# Short stay return instead of one way on tunnel?



## Easyriders (May 16, 2011)

We've just been looking up prices for the tunnel for 18th January, one way. Cheapest is £88, going before 6a.m. and £107 at midday.

But for an overnight return, it's £27 anytime on the 18th, and £27 anytime on the 19th.

What's to stop us getting an overnight return, and treating it as a single? Has anyone done this? Would there be a problem booking a single to come back at some later date?

It's not just the tunnel, the ferries do this as well. It seems so unfair that people who live near the ports can pop across to France for next to nothing to do their shopping, subsidised by people who are going for a proper trip.

We're sorely tempted to try the overnight return and not returning then, are there any repercussions?


----------



## blondel (Jun 12, 2005)

Good question! Has anyone out there got the answer :?:


----------



## StAubyns (Jun 4, 2006)

Its been suggested before, I'll look for the thread!

Think this is it

http://www.motorhomefacts.com/ftoptitle-128266-anyone-used-a-ferry-day-trip-as-a-single.html


----------



## bognormike (May 10, 2005)

interesting point!

see their T&C's

http://www.eurotunnel.com/uk/tickets/types/day-and-overnight/

on ticket validity 1.1

"Failure to complete both the outward and return journeys in respect of a return booking will invalidate your booking and in the event that you complete only one journey in respect of a return booking, you will be liable to pay the difference between the price that you paid for your return booking and the single fare applicable at the time that your journey was made. Eurotunnel reserves the right to obtain from you payment in full for all sums so arising. All travel must be completed within 1 calendar year of the date of original purchase."
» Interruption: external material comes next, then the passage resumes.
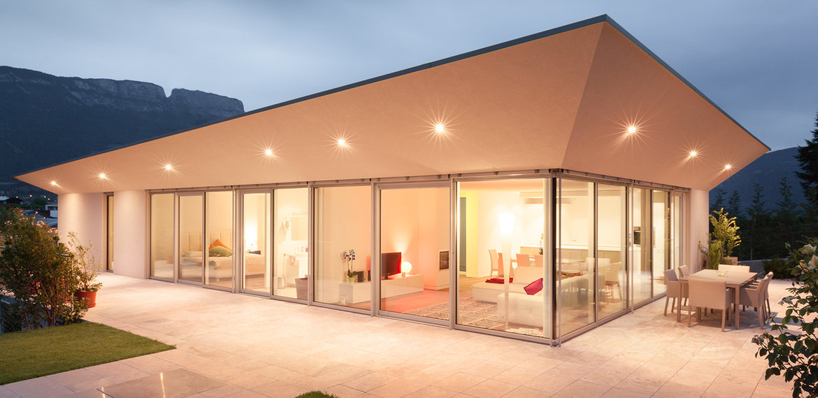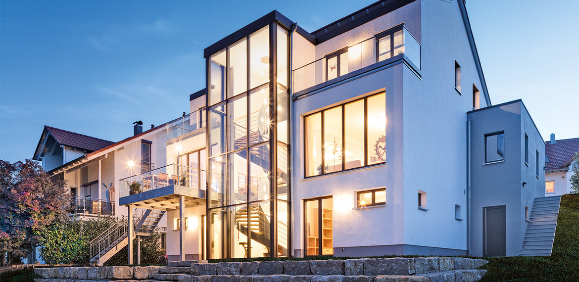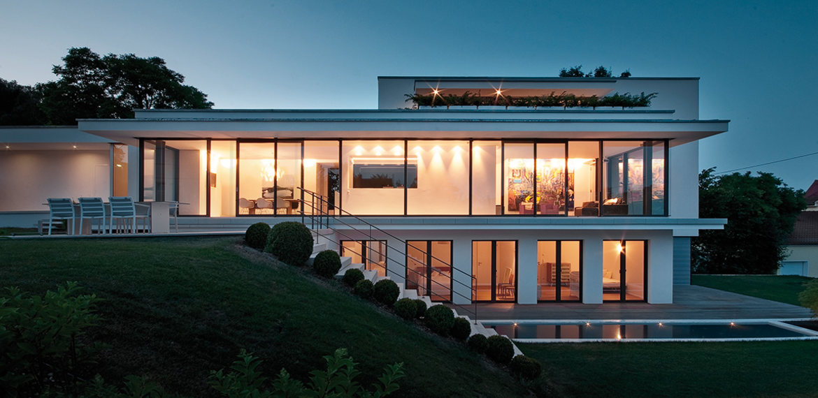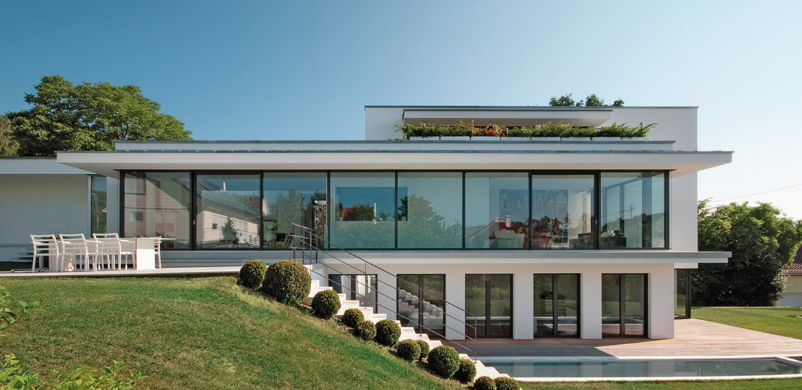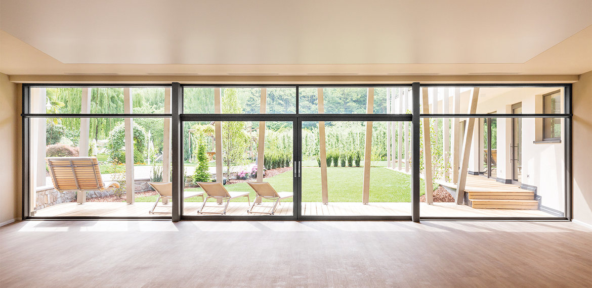 Sodoben, ravnih linij in tanek: takšen je naš sistem za zastekljene stene Vista. Velike steklene površine in tanka zasnova brišejo meje med notranjostjo in zunanjostjo.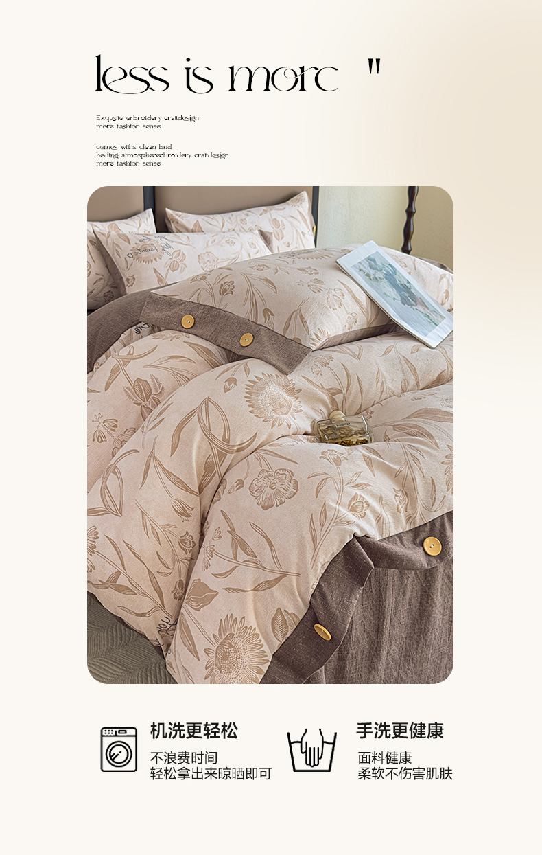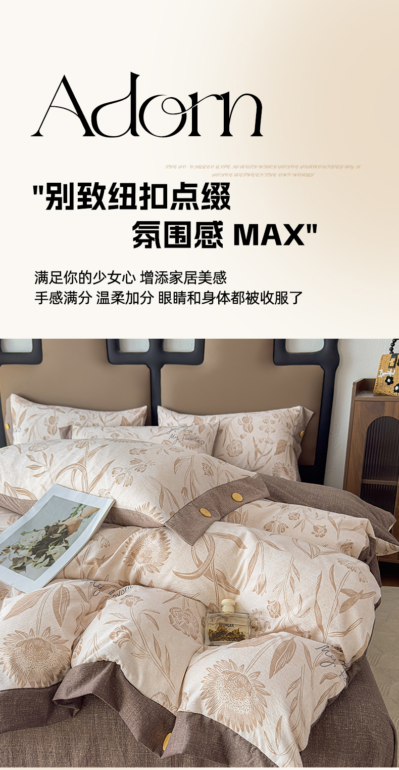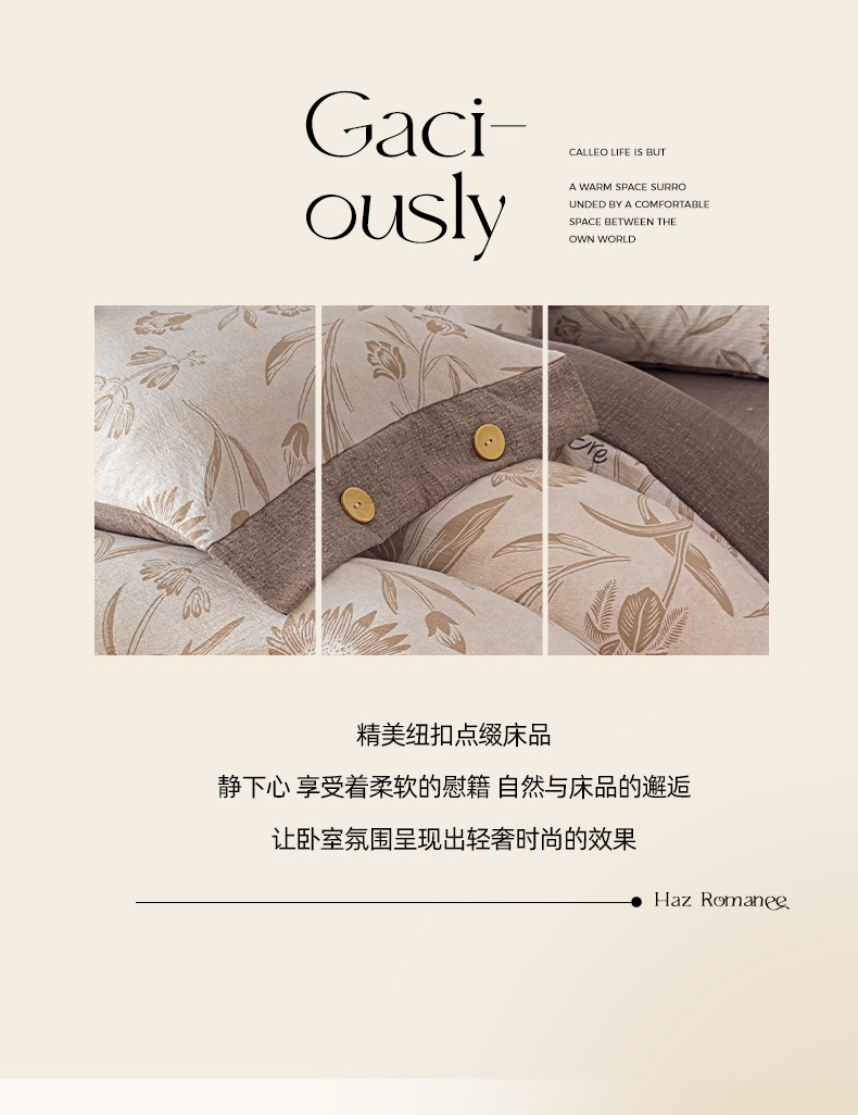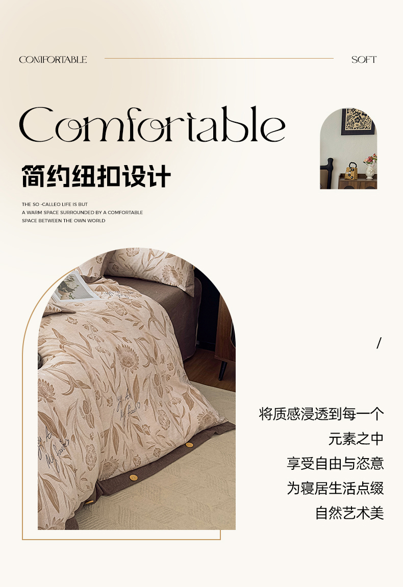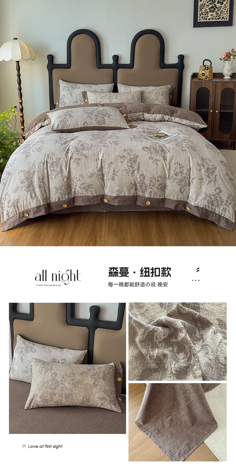 当前位置: 91家纺网 > 商品网购 > 床品套件 > 四件套 > 其它四件套 > 丝芙妮家居(原乐视家纺) 2025新款原麻纽扣款四件套 叶新泽-咖·纽扣款

so you could not turn up for the booked return, then 6 weeks later book a one way Calais - Folkestone. Would they say you didn't do the return journey, so we're charging you £xx being the difference between the price you paid for the return and the single price that was applicable at the time for that original crossing? Would they connect the two bookings? If you use a different name to book it, and different credit card, would they find your orighnal booking? Would tehy connect the registration number? Maybe not, but I'm not sure I'd want to try it

:lol:


----------



## tonyt (May 25, 2005)

Definitely worth a try particularly if you could use a different (spouse?) name for the booking and a different card.
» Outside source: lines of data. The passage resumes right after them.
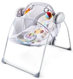 De babyschommel heeft een speelboog waar twee vrolijke speeltjes aan hangen, deze zijn tevens afneembaar. Hij is geschikt voor kindjes vanaf de geboorte (tot ong. 9 kg) en is erg compact inklapbaar, zodat je hem in no-time op kunt bergen als je de schommel even niet gebruikt! Te gebruiken met batterijen (niet inbegrepen) of adapter (inbegrepen).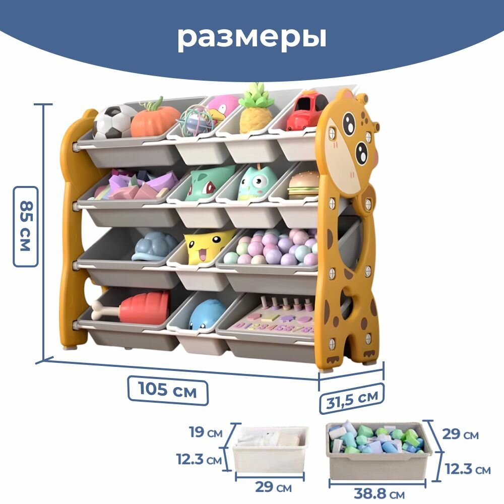 Купить Стеллаж для игрушек LESTI Жираф 8, 105х32х85см, желтый; белый; серый с доставкой по всей России. Стеллаж для игрушек LESTI Жираф 8, 105х32х85см, желтый; белый; серый: сравнение цен, характеристики, фото, актуальное наличие и цены.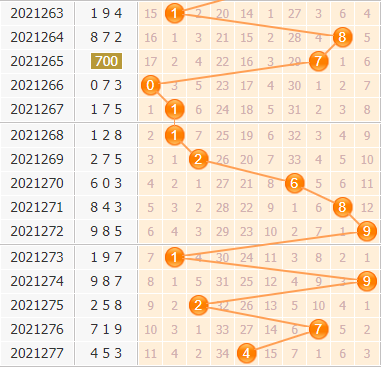 上期的4是一个小数,近10期里百位上大数开出了5期,小数开出了5期,从数据上来看,大小持平,本期看好大数开出,所以杀号可以从小数方面入手。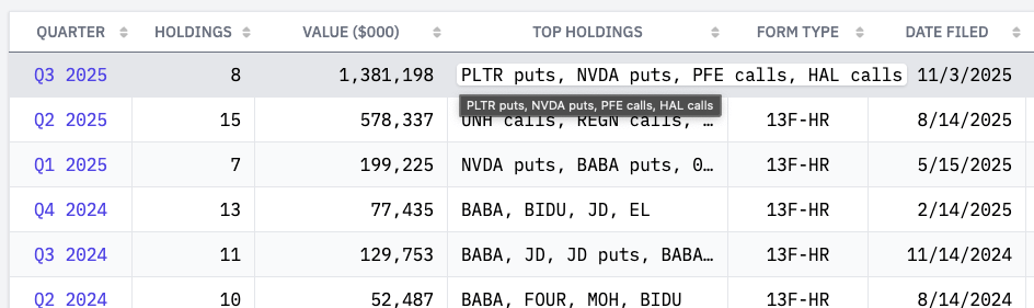 Anyway, the long-dated Puts show the ‘nominal value’ of the shares the options contracts control, not what Burry and gang paid. The $912M for PLTR and $186M for Nvidia puts dated September 30th likely cost a whole lot less, and are a part of an unknown strategy — 13f filings don’t require short-term options.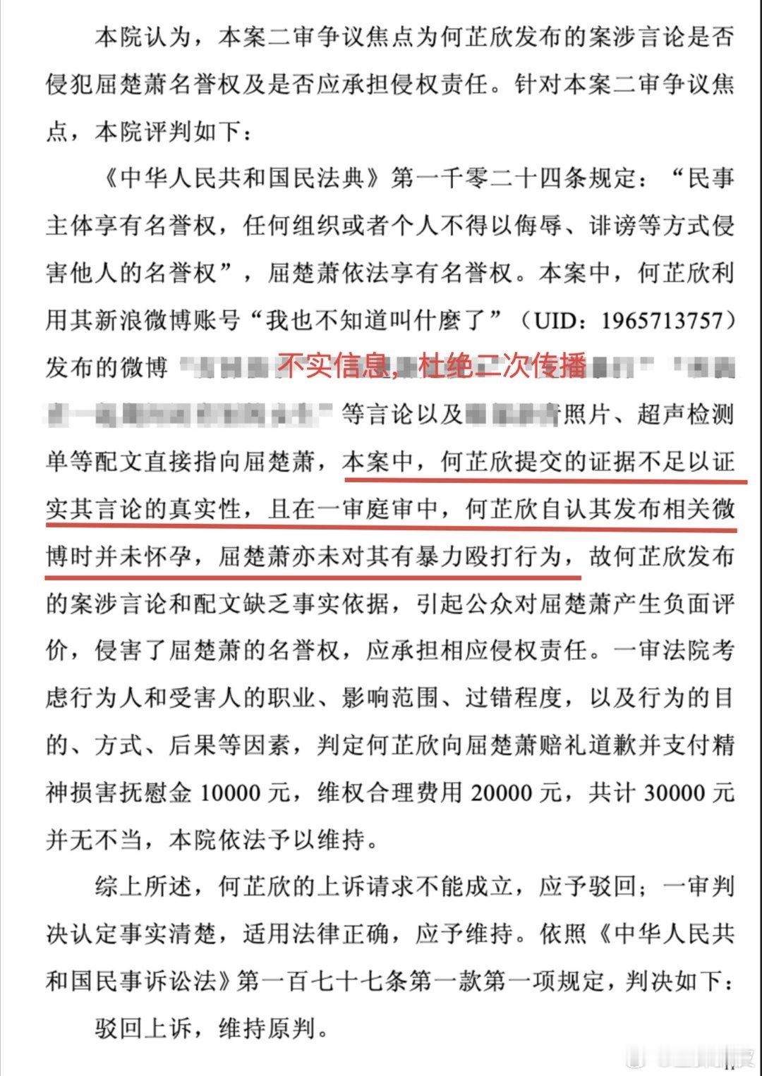 屈楚萧方公开胜诉判决书 幸好还没睡!划重点【屈楚萧没家暴!】屈楚萧工作室直接甩出二审判决书,这波是把清白锤死了!原来2022年就一审二审双胜诉,家暴纯属是恶意造谣啊,这些年闷头演戏不炒作,也没啃角色CP红利,连胜诉证据都藏着这么久不声张,这次必须为他正名!!

They must recognise that a few will try it, and "get away" with it but not many.


----------



## drcotts (Feb 23, 2006)

They will ANPR your reg no and cop you when you try to travel back

They have you bang to rights so i suggest you dont try it.

the reason its 88 quid is because your booking so late. Do you have to leave it so late to book (not being funny just asking) we booked our trip in June last week and its 68 quid each way.

Phill


----------



## Easyriders (May 16, 2011)

drcotts said:


> They will ANPR your reg no and cop you when you try to travel back
> 
> They have you bang to rights so i suggest you dont try it.
> 
> ...


Reason it's so late is our van has been in for repair to a badly leaking Heki. It's supposed to be back this week, but we don't want to book until we're sure we're leak free.


----------



## Easyriders (May 16, 2011)

Thanks to all who replied. Guess we'll have to bite the bullet and pay for each way as single fares, because we don't know yet when we'll be heading back.

Still think it's unfair of the operators, though. People taking longer trips (and often having to travel a long way to get to the ferry port or tunnel terminal) are subsidising the few who can just pop across for a day or two. Why can't they just charge the same for everyone as a flat rate?

We're thinking of writing to Eurotunnel and saying just that, but it would be better if lots of people said the same thing, more like a petition.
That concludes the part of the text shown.